"Huuufftttt.... senengnya ahirnya karya kita berdua bisa diderbitin." Kataku sambil tersenyum memandang satu buku berjudul Putri Kamboja Membuka Mata. Yang paling membuatku bahagia adalah nama penaku bersanding dengan nama pena Haikal di novel itu.
"Biasa aja tu... karyaku kan udah pernah diterbitin juga dua tahun yang lalu..." kata Haikal sambil mengacak-ngacak rambutku.
" Jadi novel Sepeda Usang itu bener-bener karya kamu..?" tanyaku sambil mengerutkan dahi. "Hehehehe...." Haikal hanya nyengir sambil menampakkan gigi putihnya yang berjajar rapi.
"Menyebalkan..... kalo aja Putri Kamboja nggak pernah menutup mata.. pasti karyanya lebih banyak dari pada Satria Payah..."
"Kok satria payah?" Haikal mulai protes.
"Yaiya Satria Payah. Satria P.H. P.H itu kan kepanjangan dari Payah."

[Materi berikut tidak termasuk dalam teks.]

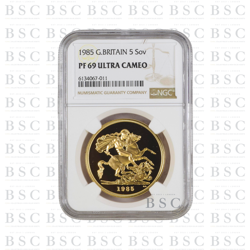 1985 £5 Quintuple Sovereign St George Proof Gold Coin. Graded PF69 Ultra Cameo by NGC. NGC Certification Number: 6134067-011 Exact coin pictured....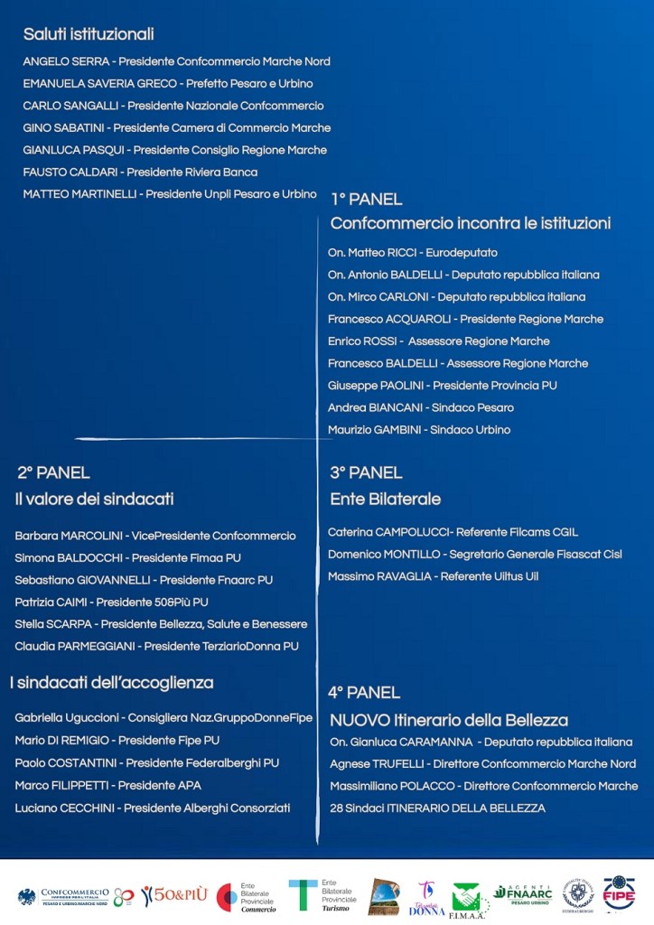 Saluti istituzionali: ANGELO SERRA – Presidente Confcommercio Marche Nord; EMANUELA SAVERIA GRECO – Prefetto Pesaro e Urbino; CARLO SANGALLI – Presidente Nazionale Confcommercio; GINO SABATINI – Presidente Camera di Commercio Marche; GIANLUCA PASQUI – Presidente Consiglio Regione Marche; FAUSTO CALDARI – Presidente Riviera Banca; MATTEO MARTINELLI – Presidente Unpli Pesaro e Urbino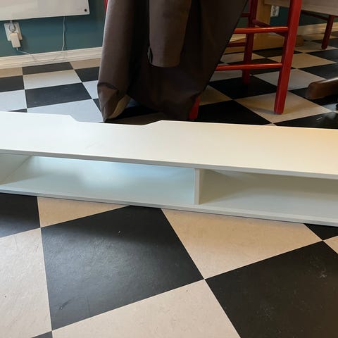 Lys grå farge. Har noen bruksmerker. Kommer med veggoppheng/planke (horisontalt).
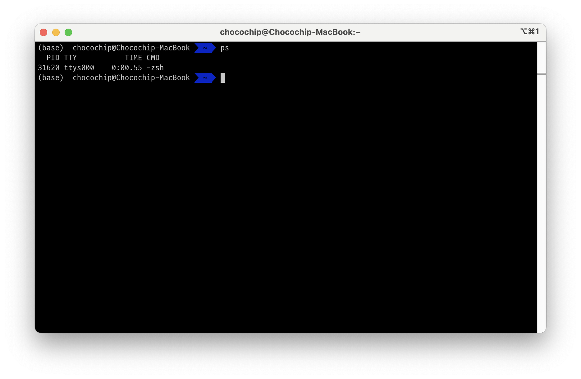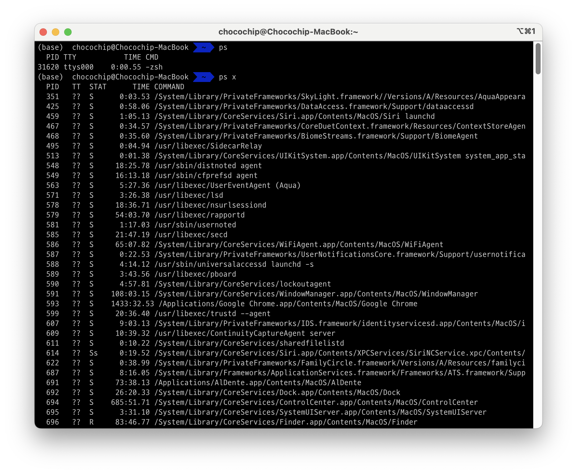 위 그림에서 ps의 결과로 하나의 프로세스를 나열한다. 프로세스 31620인 -zsh를 나타낸다. 볼 수 있듯이, ps는 많은 정보를 보여주지 않는다. 단지 현재 터미널 세션과 관련된 프로세스만 보여준다.

"Bukan itu kali....." jawabnya sambil tertawa renyah.
"Kalau kamu, kenapa kamu panggil aku Putri Kamboja?" sahutku seakan teringat akan panggilan menjenggkelkan itu.
"Tau kan.. Bunga kamboja itu biasanya tumbuh di kuburan. Dia hidup diantara orang-orang yang mati. Dan itulah tulisan kamu. Bisa hidupin hati aku. Makannya jangan pernah berhenti nulis...." Haikal mulai menggombal sambil mengacak-ngacak rambutku untuk yang kedua kali.
"Apaan sih kamu. Kok aneh gitu artinya" aku mulai protes.
"Tapi aku seneng bisa bikin mata Putri Kamboja terbuka." Kata Haikal sambil menatap mataku dalam. Aku tersipu malu. "Aku sayang kamu, Putri Kamboja." Bisiknya sambil meraih tanganku dan dia letakkan di meja untuk menggenggamnya. Wajahku sepertinya memerah.